Rule 12(3) of the J.J. Rules itself reveals that the first priority has to be given to the Matriculation or equivalent certificate and in the absence thereof, date of birth certificate as per the school first attended other than a play school to be considered in order to ascertain if prosecutrix is a child in terms of Section 2(1)(d) of the POCSO Act. These were stated by High Court of Delhi, consisting Justice Mukta Gupta in the case of Mohd. Afsar vs. State [CRL.A. 274/2020] on 07.01.2022.
The facts of the case are that on 13th May 2013, the prosecutrix went missing and was recovered on 8th June 2013, the prosecutrix was less than 13 years of age at the time of alleged offence and thus, a ‘child’ within the meaning of POCSO Act and therefore, her consent, if any, was of no consequence. As per the MLC, the prosecutrix was found pregnant when she was recovered and her MTP was subsequently done on 1st July 2013. There were sufficient evidence to convict the appellant for the offence for which he has been convicted. By this appeal, the appellant challenged the impugned judgment dated 9th January 2020 whereby he was convicted for offences punishable under Section 376 IPC read with Section 4 of the POCSO Act and the order on sentence dated 15th January 2020 whereby the appellant has been directed to undergo rigorous imprisonment for a period of 10 years and pay a fine of ₹10,000, in default whereof to undergo simple imprisonment for a period of six months.
The learned Counsel for the appellant contended that the findings of the learned trial Court that the prosecutrix was a minor is incorrect and not born out from the record and thus, the consent of the prosecutrix was not immaterial. As per the father of the prosecutrix, he was married in the year 1987 and had nine children. He deposed that his first child was born after about two years of marriage and there was a gap of 2 to 2½ years between each child. Thus, considering the age gap between first child and thereafter, the prosecutrix was born in the year 1993 and as on the date of alleged incident i.e. 13th May 2013, she was approximately 20 years old and hence, major. The learned Trial Court also failed to note that no birth certificate or hospital record or any municipal record was furnished at the time of the admission of the victim in the school and thus, date of birth recorded in the school record cannot be treated as the correct date of birth. It was further contended that the prosecutrix in her statement under Section 164 CrPC admitted that the appellant married her and a Nikaah was performed. Once Nikaah has been performed and Nikaahnama has been prepared, the prosecutrix became the wife of the appellant, therefore, the appellant can’t be convicted for offence punishable under Section 376 IPC in view of the exception to Section 375 IPC. It is submitted that since the prosecutrix was a major and had married the appellant willingly, the conviction under Section 376 IPC and Section 4 of the POCSO Act should be set aside.
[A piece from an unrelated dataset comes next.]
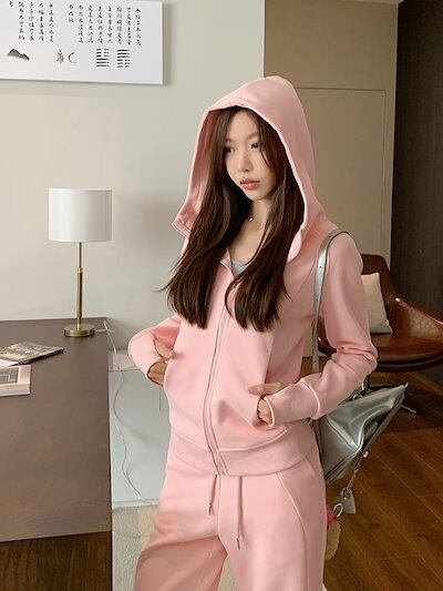 6色 今年 秋冬 韓国 2点セット かわいい レディース フード付きアウター_白フーディー ブルゾン長袖ショート丈トップスグレー冬カジュアルファッション系お出かけフル丈トラック高校生 通学大学生

The learned Counsel for respondent stated that PW-5 who appeared as the Principal of the school clearly deposed that the prosecutrix was admitted in class 1st on 14th July 2005 and as per the record, the date of birth of the prosecutrix in the school first attended was 10th January 2001. The said proof of age having been proved by the prosecution in accordance with law will hold primacy in terms of Rule 12(3) of the J.J.Rules. Since prosecution proved the date of birth of the prosecutrix as 10th January 2001 and the alleged incident took place on 13th May 2013 when the prosecutrix went missing and was recovered on 8th June 2013, the prosecutrix was less than 13 years of age at the time of alleged offence and thus, a ‘child’ within the meaning of POCSO Act and therefore, her consent, if any, was of no consequence. It is submitted that despite minor contradictions in the testimonies of the prosecutrix and her father, it is not evident that the prosecutrix was more than 18 years of age at the time of alleged incident, hence, there is no error in the impugned judgment of conviction.
The High Court of Delhi held that Rule 12(3) of the J.J.Rules itself reveals that the first priority has to be given to the Matriculation or equivalent certificate and in the absence thereof, to the date of birth certificate from the school first attended other than a play school. PW-5 who appeared with the record of the school stated that the prosecutrix was admitted in her school in Class 1st on 14th July 2005 through an open test and at the time of her admission, her date of birth was mentioned as 10th January 2001. Thus, even if she had attended any play school or a Madarsa at the village, the same was irrelevant, for the reason, the school first attended other than the play school was the one where the prosecutrix was admitted in the 1st standard and her date of birth was mentioned as 10th January 2001. As per the record, prosecutrix further left the school on 1st May 2013 while studying in 8th standard. Thus, she had no matriculation certificate. Therefore, as per the date of birth recorded in the school first attended, the prosecutrix was a child in terms of Section 2(1)(d) of the POCSO Act as she was below the age of 18 years. The prosecutrix was a ‘child’ at the time of alleged incident and she was forcibly taken away from the lawful guardianship of her parents and an offence of sexual intercourse was committed on her repeatedly and forcibly, therefore, the Court did not find any error in the impugned judgment of conviction and order on sentence. Thus, the appeal was dismissed.